The Conditions of Being Art: Pat Hearn Gallery & American Fine Arts, Co.

Copublished with CCS Bard in 2019
Edited with text by Jeannine Tang, Lia Gangitano, and Ann Butler. Text by Johanna Burton, Jill Casid, Lauren Cornell, Diedrich Diederichsen, Jennifer King, Mason Leaver-Yap, and Kobena Mercer
Design by xSITE
304 pages, 240 images, softcover with jacket, 7 x 9 inches
Distributed by D.A.P.
ISBN: 978-0-9986326-6-7

$39.95

The Conditions of Being Art is the first book to examine the activities of groundbreaking contemporary art galleries Pat Hearn Gallery and American Fine Arts, Co. (1983–2004) and the transnational milieu of artists, dealers, and critics that surrounded them. Drawing on the archives of dealers Pat Hearn and Colin de Land—both, independently, legendary players on the New York art scene of the 1980s and 1990s, and one of the great love stories of the art world—this publication illustrates their distinctive artistic practices, significant exhibitions and events, and daily business. Hearn and de Land’s gallery practices explored new experimental and ethical possibilities within the selling of art, testing the relationship of contemporary art to its markets. In this volume, full-color images, in-depth scholarly investigations, and detailed gallery histories vibrantly document how Hearn and de Land tested new notions of what an art gallery could be.

Praise and Press


[The Conditions of Being Art] tracks the careers of the charismatic and influential gallerists Pat Hearn and Colin de Land, an art-world power couple who transformed the New York gallery scene in the 1980s and ’90s before both succumbed to cancer. . . . The book’s ten essays thoughtfully consider these two distinct but linked careers, both marked by an uncommon engagement with artists: Exhibition cocurator Lia Gangitano writes movingly of Hearn’s “businesslike spirituality,” while Diedrich Diederichsen remarks on de Land’s “existential sincerity.” On the surface, the thematic coherence of their artist rosters is hard to parse.

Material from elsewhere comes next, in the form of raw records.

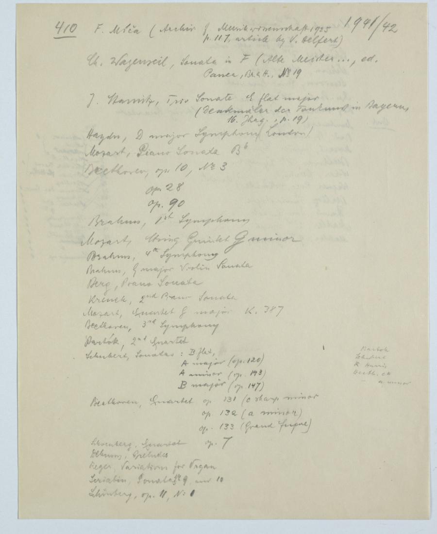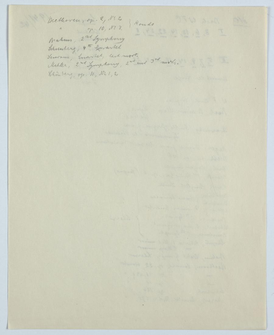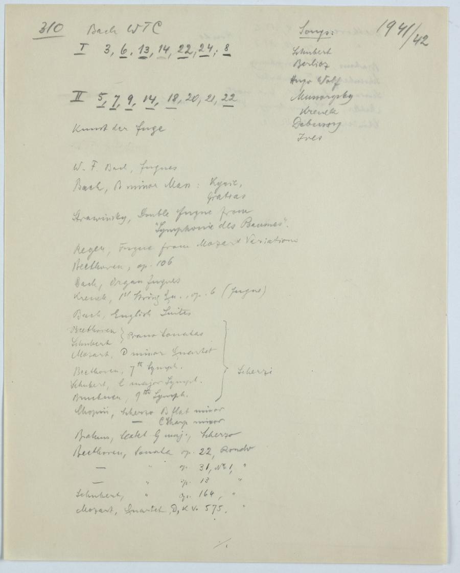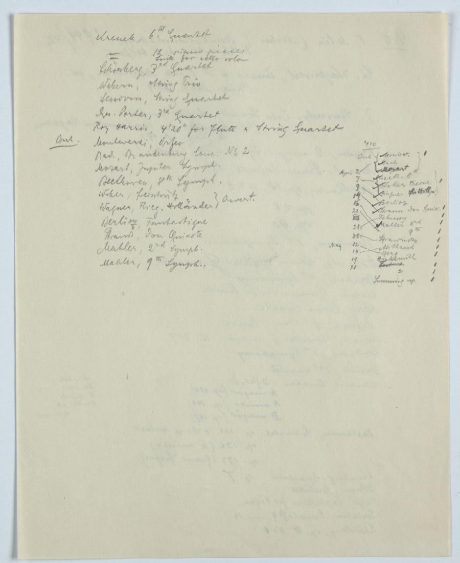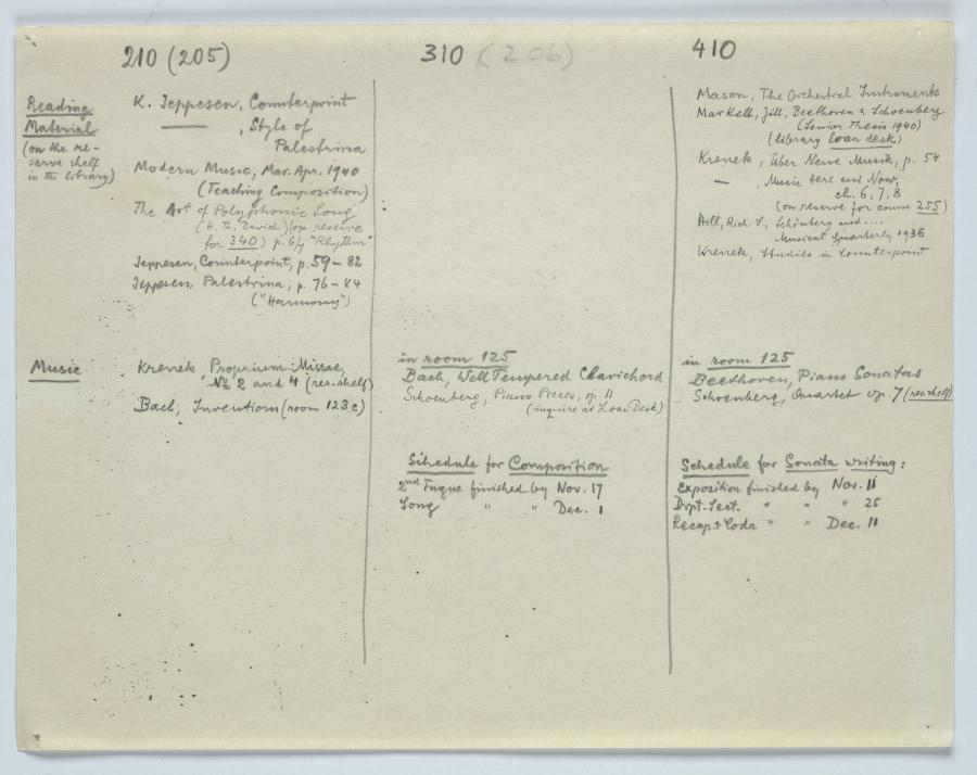 Zur Planung seiner am Vassar College im Studienjahr 1941/42 gehaltenen Kurse mit den Nummern 210, 310 und 410 machte sich Ernst Krenek Notizen zum vorgesehenen Repertoire und Hörbeispielen, und zu der für die Studierenden bereitgestellten Literatur und Notenausgaben. Für die in den Kursen 310 und 410 abzugebenden Kompositionsübungen machte er ebenfalls Pläne.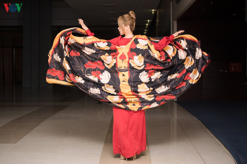 | Thiết kế áo dài kết hợp với áo choàng họa tiết hoa sen đầy màu sắc dường như làm cho nàng Á hậu nổi bật hơn. |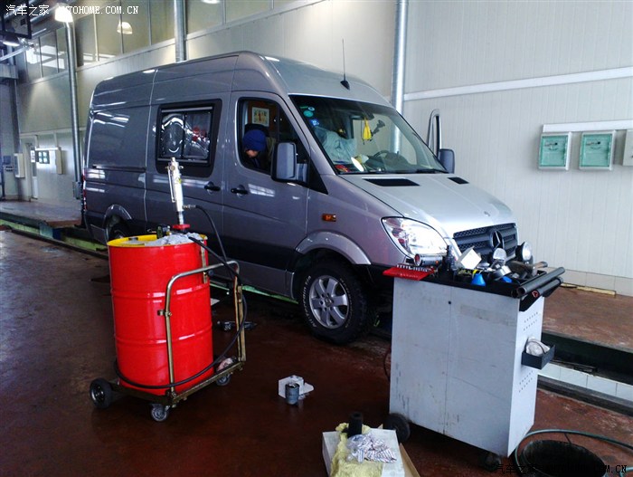 更换完吊脚轴承后,又开始更换机油。在俄罗斯奔驰凌特一次保养需更换约11升机油,而国内首保时只加了9升机油,怪不得出门不久机油指示灯就亮了起来。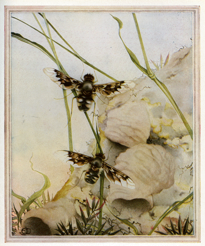 CHAPTER 16: THE ANTHRAX FLY I: A STRANGE MEAL I MADE the acquaintance of the Anthrax in 1855 at Carpentras, when I was searching the slopes of which I have already told you, the slopes beloved of the Anthophora-bees. Her curious pupa, so powerfully equipped to force an outlet for the perfect insect, which is incapable of the least effort, seemed worthy of investigation. For that pupa is armed with a plough- share in front, a trident at its tail, and rows of harpoons on its back, with which to rip open the Osmia-bee's cocoon and break through the hard crust of the hillside. Let us, some day in July, knock away the pebbles that fasten the nests of the Mason-bees to the sloping ground on which they are built. Loosened by the shock, the dome comes off cleanly, all in one piece. Moreover — and this is a great advantage — the cells are all exposed at the base of the nest, for at this point they have no other wall than the surface of the pebble. Without any scraping, which would be wearisome work for us and dangerous to the Bees, we have all the cells before our eyes, together with their contents — a silky, amber-yellow cocoon, as delicate and transparent as the skin of an onion. Let us split the dainty wrappers with the scissors, cell by cell, one after another. If fortune be at all kind, as it always is to the persevering, we shall end by finding cocoons harbouring two larvae together, one more or less faded in appearance, the other fresh and plump. We shall also find some, no less plentiful, in which the withered larva is accompanied by a family of little grubs wriggling un- easily round it. It is easy to see that a tragedy is happening under the cover of the cocoon. The flabby, faded larva is the Mason-bee's. A month ago, in June, having finished its ration of honey, it wove itself a silken sheath in which to take the long sleep that precedes its transformation. It was bulging with fat, and was a rich and a defenceless morsel for any enemy that could reach it. And enemies did reach it. In spite of obstacles that might well seem insurmountable, the wall of mortar and dome-shaped cover, the enemy grubs appeared in the secret retreat, and began to eat the sleeper. Three different species take part in this murderous work, often in the same nest, in adjoining cells. We will concern ourselves only with the Anthrax Fly. The grub, when it has eaten its victim and is left alone in the Mason-bee's cocoon, is a naked worm, smooth, leg- less, and blind. It is creamy-white, and each of its segments or divisions forms a perfect ring, very much curved when at rest, but almost straight when disturbed. Including the head I can count thirteen segments, well-marked in the middle of the body, but in the fore-part difficult to distinguish. The white, soft head shows no sign of any mouth, and is no bigger than a tiny pin's head. The grub has four pale red stigmata, or openings through which to breathe, two in front and two behind, as is the rule among Flies. It has no walking-apparatus whatever; it is absolutely incapable of shifting its position. If I disturb its rest, it curves and straightens itself alternately, tossing about violently where it lies; but it does not manage to progress. But the most interesting point about the grub of the Anthrax is its manner of eating. A most unexpected fact attracts our attention: the curious ease with which this larva leaves and returns to the Bee-grub on which it is feeding. After watching flesh-eating grubs at hundreds and hundreds of meals, I suddenly find myself confronted with a manner of eating that is entirely unlike anything I ever saw before. This, for instance, is the Amophila-grub's way of devouring its caterpillar. A hole is made in the victim's side, and the head and neck of the grub dives deep into the wound. It never withdraws its head, never pauses to take breath. The voracious animal always goes for-ward, chewing, swallowing, digesting, until the caterpillar's skin is empty. Once the meal is begun, the creature does not budge as long as the food lasts. If moved by force it hesitates, and hunts about for the exact spot where it left off eating; for if the caterpillar be attacked at a fresh point it is liable to go bad. In the case of the Anthrax-grub there is none of this mangling, none of this persistent clinging to the original wound. If I tease it with the tip of a pointed brush it at once retires, and there is no wound to be seen on the victim, no sign of broken skin. Soon the grub once more applies its pimple-head to its meal, at any point, no matter where, and keeps itself fixed there without any effort. If I repeat the touch with the brush I see the same sudden retreat and the same calm return to the meal. The ease with which this larva grips, leaves, and re-grips its victim, now here, now there, and always without a wound, shows that the mouth of the Anthrax is not armed with fangs that can dig into the skin and tear it. If the flesh were gashed by pincers of any kind, one or two attempts would be necessary before they could leave go or take hold again; and besides, the skin would be broken. There is nothing of the kind: the grub simply glues its mouth to its prey, and withdraws it. It does not chew its food like the other flesh-eating grub: it does not eat, it inhales. This remarkable fact led me to examine the mouth under the microscope. It is a small conical crater, with yellowish-red sides and very faint lines running round it. At the bottom of this funnel is the opening of the throat. There is not the slightest trace of mandibles or jaws, or any object capable of seizing and grinding food. There is nothing at all but the bowl-shaped opening. I know of no other example of a mouth like this, which I can only compare to a cupping-glass. Its attack is a mere kiss, but what a cruel kiss! To observe the working of this curious machine I placed a new-born Anthrax-grub, together with its prey, in a glass tube. Here I was able to watch the strange

Hearn’s ran the gamut from now-lauded painters like George Condo and Mary Heilmann to provocateurs as divergent as photographer Mark Morrisroe and the unclassifiable Lutz Bacher; de Land’s included the seemingly unmarketable institutional critique of Andrea Fraser and Art Club 2000. The throughline is the couple’s hands-on dedication to building an artist-centric network within, and alongside, thriving commercial spaces.